> WHAT IS NEEDED: From the first entry to the last, copy everything exactly except the pictures.

> LISTED RECORDS:
_ _ _ _
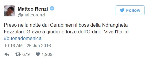 Італійський уряд привітав новину про його арешт. Прем'єр-міністр Маттео Ренці написав у "Твіттері": "Спасибі суддям і силам правопорядку. Хай живе Італія!"
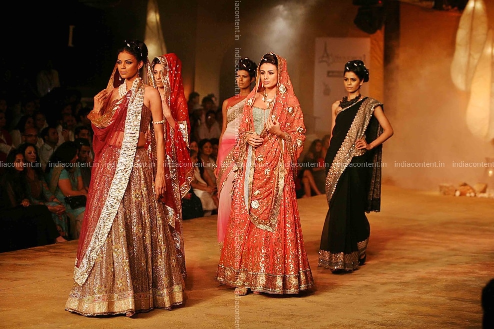 NEW DELHI INDIA - JULY 23 Models display creations of designers Meera and Muzaffar Ali at the Delhi Couture Week 2011 in New Delhi on Saturday. Photo by Ramesh SharmaIndia Today Group
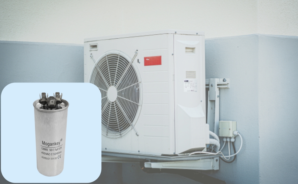 50+7.5 MFD uF CBB65 Capacitor Withstand 450V AC Compatible with Air Conditioner Capacitor Round Dural Motor Run Capacitor Air Compressor Water Pump Motor
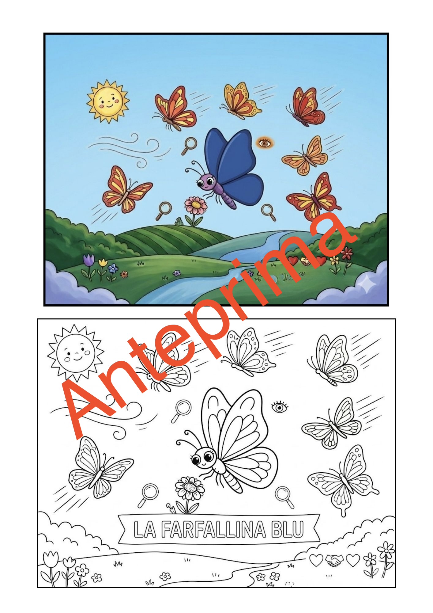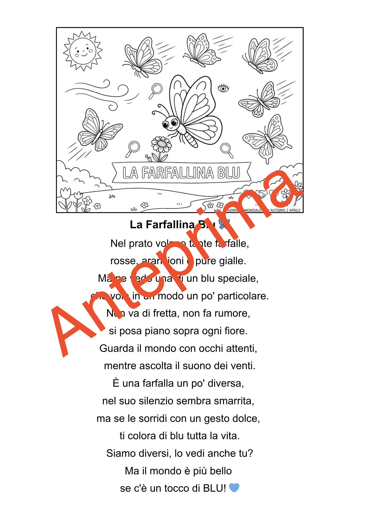 Attraverso la metafora della Farfalla Blu, portiamo i bambini a riflettere su come ogni “volo” sia speciale, anche se diverso da quello delle farfalle gialle o rosse.
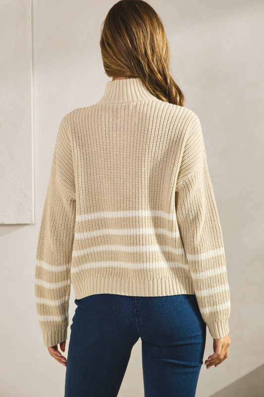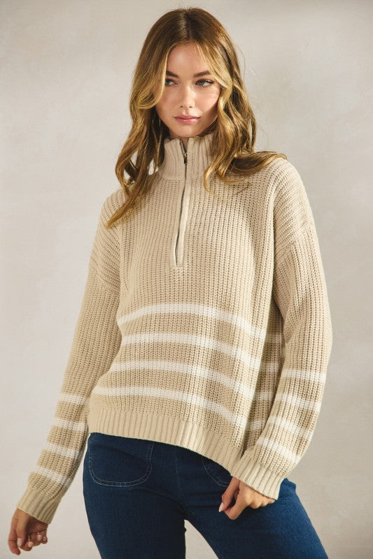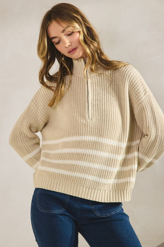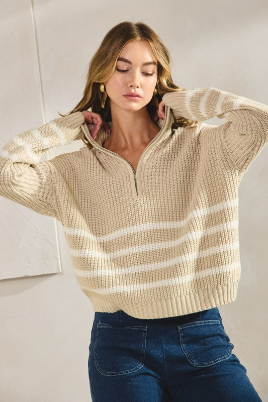 Oatmeal Striped Ribbed Half Zip Sweater Top
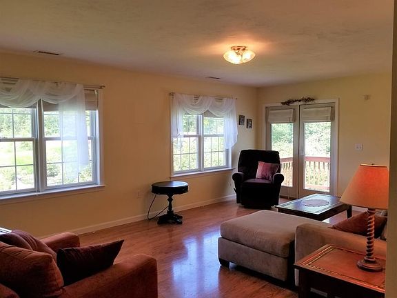 NEW ENGLAND COMMONS ADULT 55+ Community! This half duplex sits on a picturesque lot overlooking a turtle filled pond and walking trail. Single level living, fully appliance kitchen with tile floor, stone counter tops, laundry closet and interior access to the attached garage. The large living room has wood floors, a view of the pond and exterior access through French doors. Master Bedroom offers a walk in closet and half bath. If additional space is needed this house has a clean full unfinished basement. Located minutes from 395 and route 12.
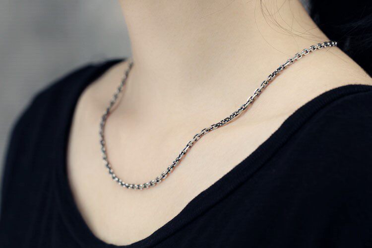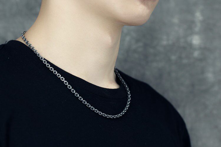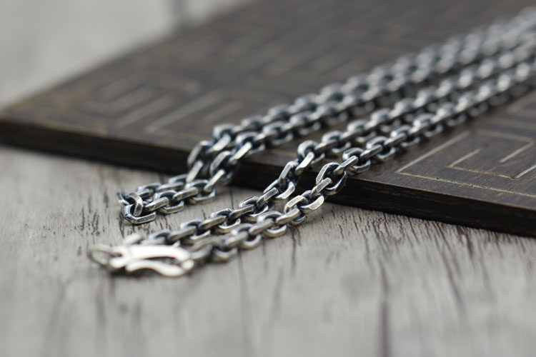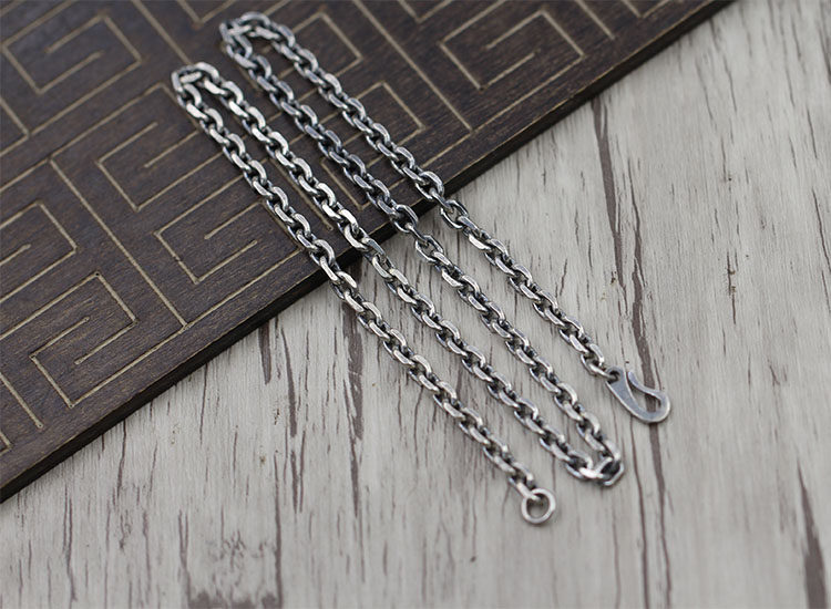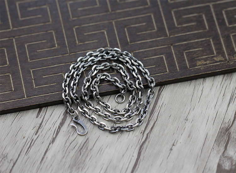 925纯银男士个性时尚太角项链锁骨链泰银潮男复古做旧手工粗链子
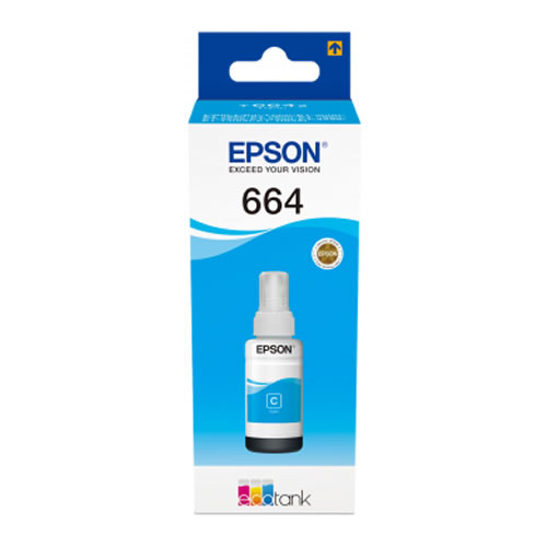 EP-664 Cyan Dye Bottle of Ink for Epson Cartridge-less Ink Tank Printer Models - 70ml.
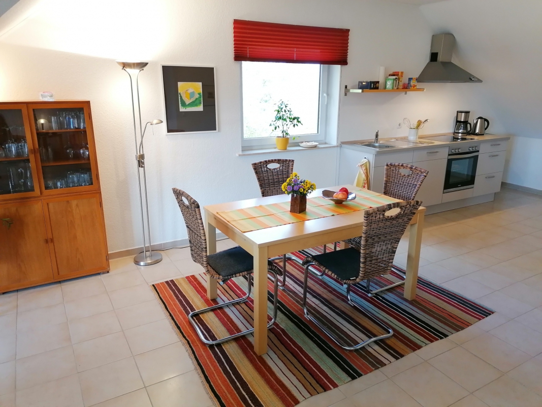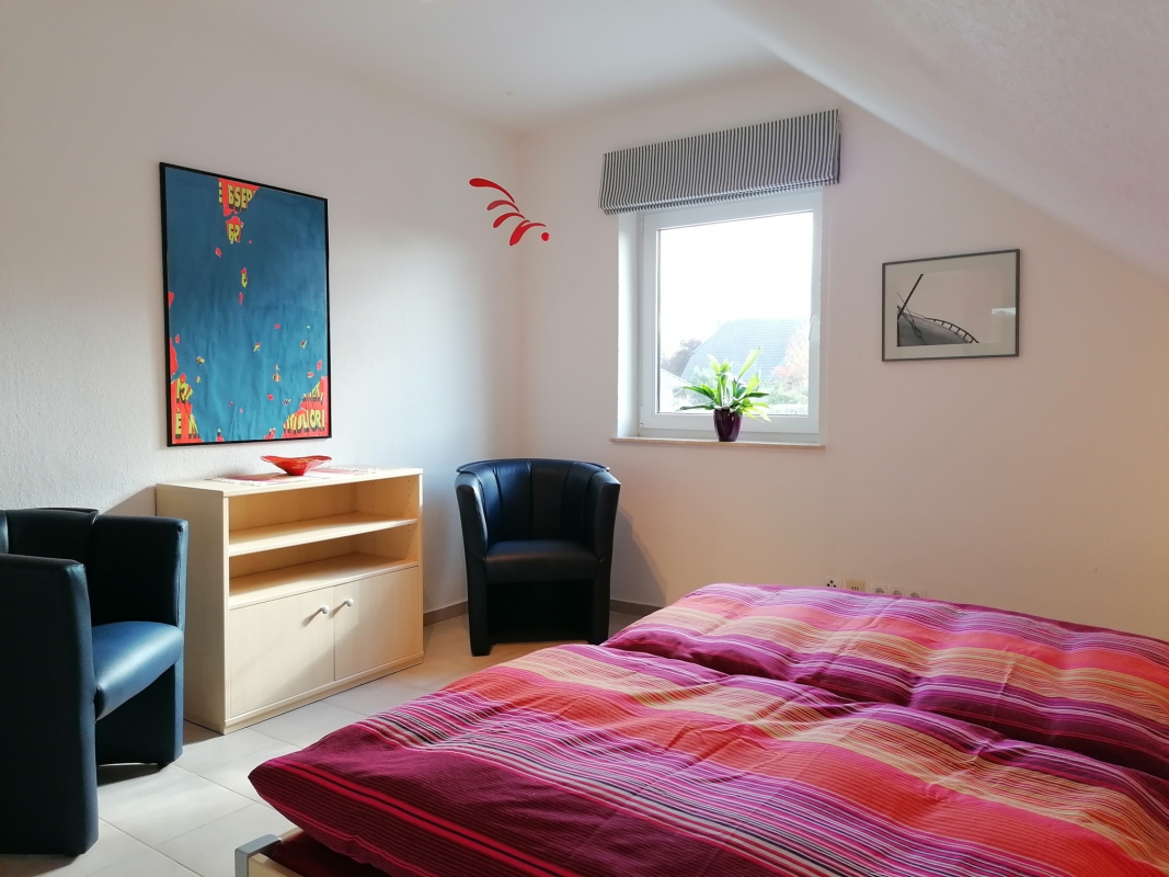 Unsere helle, lichtdurchflutete Ferienwohnung befindet sich im Obergeschoss eines Einfamilienhauses und hat einen separaten Eingang.
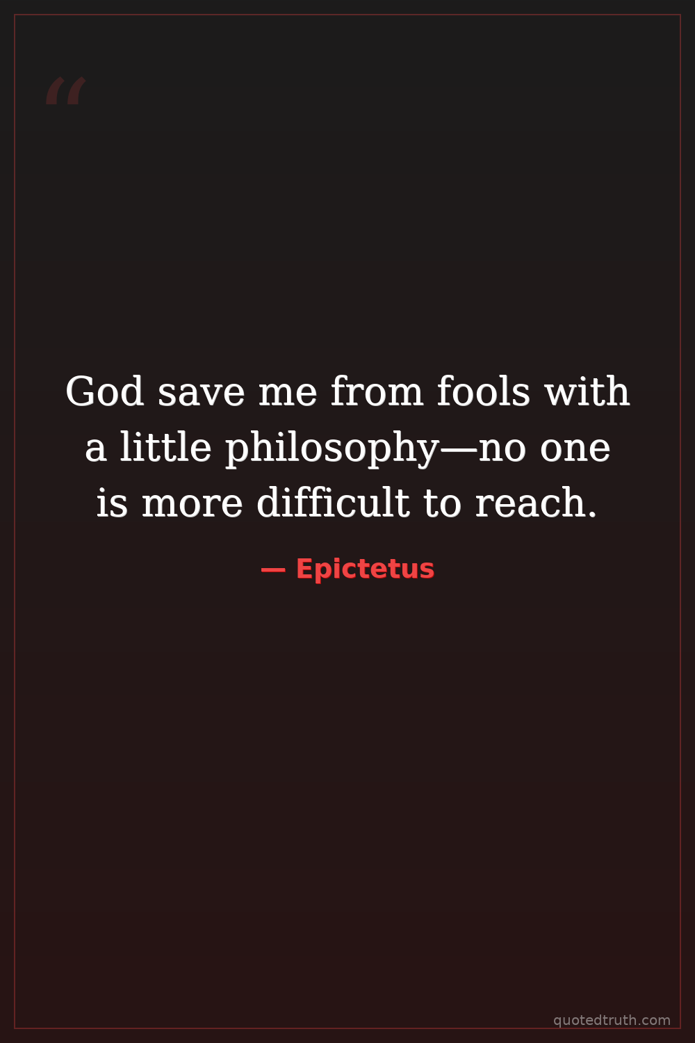 God save me from fools with a little philosophy—no one is more difficult to reach.
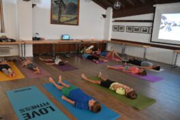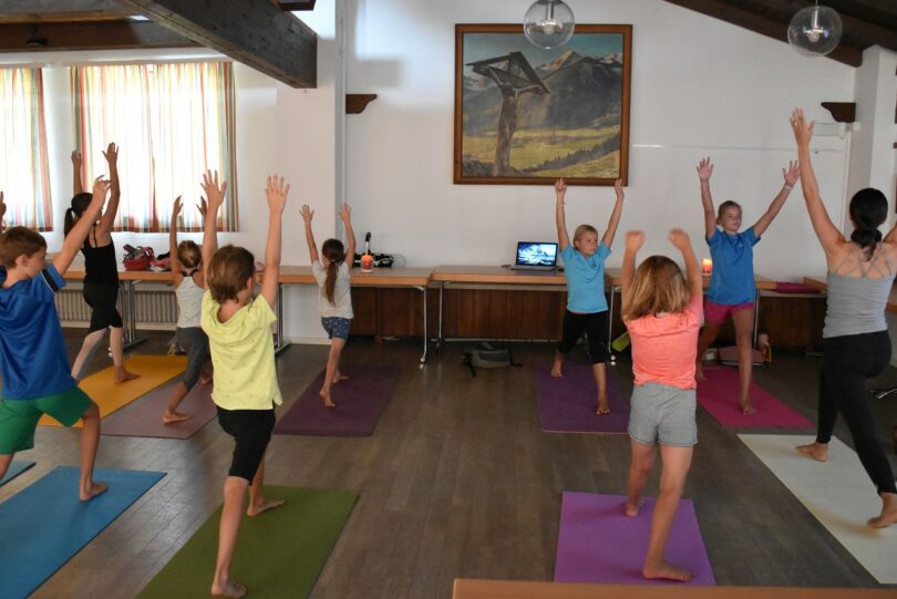 Die kleinen Yogis waren sehr ernsthaft bei der Sache und legten zum Schluss die Hände im Namasté (indischer Gruß) vor das Herz, um sich zu bedanken.Bettina Rappl arbeitet seit fünf Jahren als ausgebildete Yoga-Lehrerin –bisher für Erwachsene- und absolviert gerade eine Zusatzausbildung für Kinder-Yoga. Das liegt ihr offensichtlich sehr; denn die jungen Yogis waren begeistert, Yogini Anna meinte „es hat mir sehr gefallen, am besten war das Radfahren und das Surfen“.
_ _ _ _
> EXPECTED OUTPUT:
 Італійський уряд привітав новину про його арешт. Прем'єр-міністр Маттео Ренці написав у "Твіттері": "Спасибі суддям і силам правопорядку. Хай живе Італія!"
 NEW DELHI INDIA - JULY 23 Models display creations of designers Meera and Muzaffar Ali at the Delhi Couture Week 2011 in New Delhi on Saturday. Photo by Ramesh SharmaIndia Today Group
 50+7.5 MFD uF CBB65 Capacitor Withstand 450V AC Compatible with Air Conditioner Capacitor Round Dural Motor Run Capacitor Air Compressor Water Pump Motor
 Attraverso la metafora della Farfalla Blu, portiamo i bambini a riflettere su come ogni “volo” sia speciale, anche se diverso da quello delle farfalle gialle o rosse.
 Oatmeal Striped Ribbed Half Zip Sweater Top
 NEW ENGLAND COMMONS ADULT 55+ Community! This half duplex sits on a picturesque lot overlooking a turtle filled pond and walking trail. Single level living, fully appliance kitchen with tile floor, stone counter tops, laundry closet and interior access to the attached garage. The large living room has wood floors, a view of the pond and exterior access through French doors. Master Bedroom offers a walk in closet and half bath. If additional space is needed this house has a clean full unfinished basement. Located minutes from 395 and route 12.
 925纯银男士个性时尚太角项链锁骨链泰银潮男复古做旧手工粗链子
 EP-664 Cyan Dye Bottle of Ink for Epson Cartridge-less Ink Tank Printer Models - 70ml.
 Unsere helle, lichtdurchflutete Ferienwohnung befindet sich im Obergeschoss eines Einfamilienhauses und hat einen separaten Eingang.
 God save me from fools with a little philosophy—no one is more difficult to reach.
 Die kleinen Yogis waren sehr ernsthaft bei der Sache und legten zum Schluss die Hände im Namasté (indischer Gruß) vor das Herz, um sich zu bedanken.Bettina Rappl arbeitet seit fünf Jahren als ausgebildete Yoga-Lehrerin –bisher für Erwachsene- und absolviert gerade eine Zusatzausbildung für Kinder-Yoga. Das liegt ihr offensichtlich sehr; denn die jungen Yogis waren begeistert, Yogini Anna meinte „es hat mir sehr gefallen, am besten war das Radfahren und das Surfen“.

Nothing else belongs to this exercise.